For overpressure protection systems involving only rupture disks (that is, not a rupture disk in combination with a pressure relief valve), the frictional losses throughout the piping system is typically used as a means for evaluating the capacity of the relief system, in accordance with API Standard 520 §5.11.1.3.¹  Of course, equivalent velocity head factors and roughness factors are needed for the analysis, and we provide discussions regarding these inputs in other Fireside Chats.^2,3

For the rupture disks themselves, the manufacturer tests a rupture disk assembly to determine its equivalent velocity head factor, which is commonly specified as a constant value (turbulent flow) and is associated with the pipe diameter of the inlet piping.⁴  This equivalent velocity head factor is currently reported as the Resistance Factor, K_r, in the ASME National Board Pressure Relief Device Certifications NB-18.⁵

One should note that there can be different resistance factors reported depending on the fluid phase being relieved: K_rg for gases, K_rl for liquids, and K_rlg for either phase.  Even for the same rupture disk make and model, these values can be different; therefore, it is important to select the appropriate factor based on the fluid phase being initially relieved.  One factor contributing to the difference is how the compressibility of the fluid affects the opening of the rupture disk itself, with compressible fluids like gases imparting some of their energy of expansion to the opening of the disk, resulting in a more open profile and thus, commonly, lower resistance factors.

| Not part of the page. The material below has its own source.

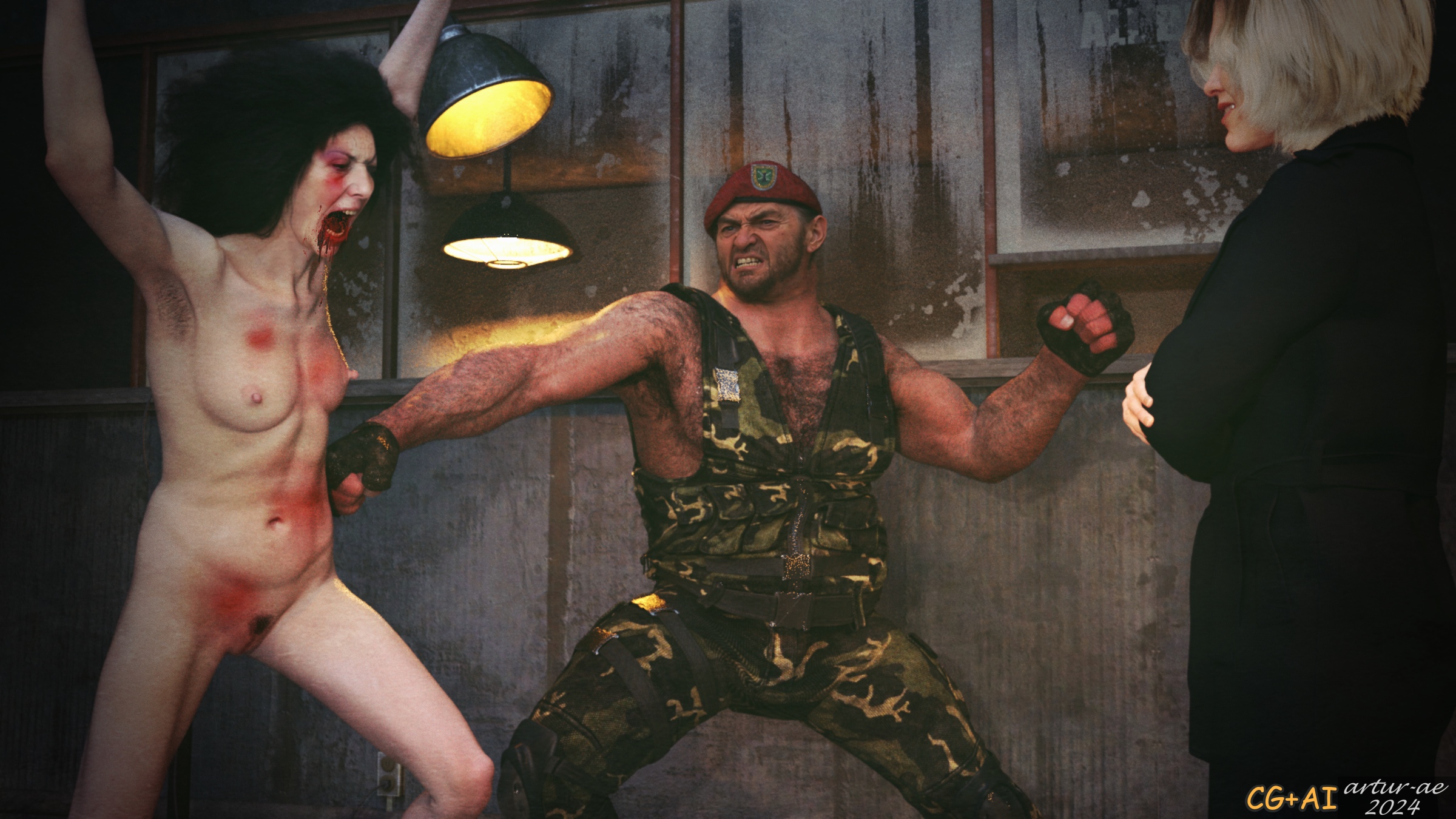 A kindergarten teacher in her forties is being disciplined. Every time the minister asks, “Do you understand?” the employee brutally beats the naked body of the kindergarten teacher.

This effect has two important implications.  The first is that the initial fluid phase that is responsible for bursting the disk can have an effect on the resistance factor.  This is evidenced by the K_rl test procedure itself (ASME PTC-25 §4-10⁶), in which the rupture disk is first burst using water, then the resistance factor is determined using air.  For this reason, if we encounter cases where the rupture disk is normally in liquid service, we recommend selecting the liquid resistance factor, even if the relieving scenario is gas.

The second implication is for the selection of resistance factors for two-phase flow.  Since there is no testing for two-phase flow, there is no resistance factor specified.  In the absence of a manufacturer’s specific recommendation, we will use the resistance factor most appropriate to the compressibility of the two-phase fluid.  The two-phase omega factor is a convenient basis for this determination, with omega factors less than 1 being associated with incompressible flow and greater than 1 with compressible flow.⁷

Finally, after calculation of the theoretical capacity of the piping system, this capacity must be multiplied by a factor of 0.9 “to allow for uncertainties inherent with this method”¹ to determine the reported relieving capacity.  This relieving capacity is then compared to the required relief rate to determine the adequacy of the ‘sizing’ of the system.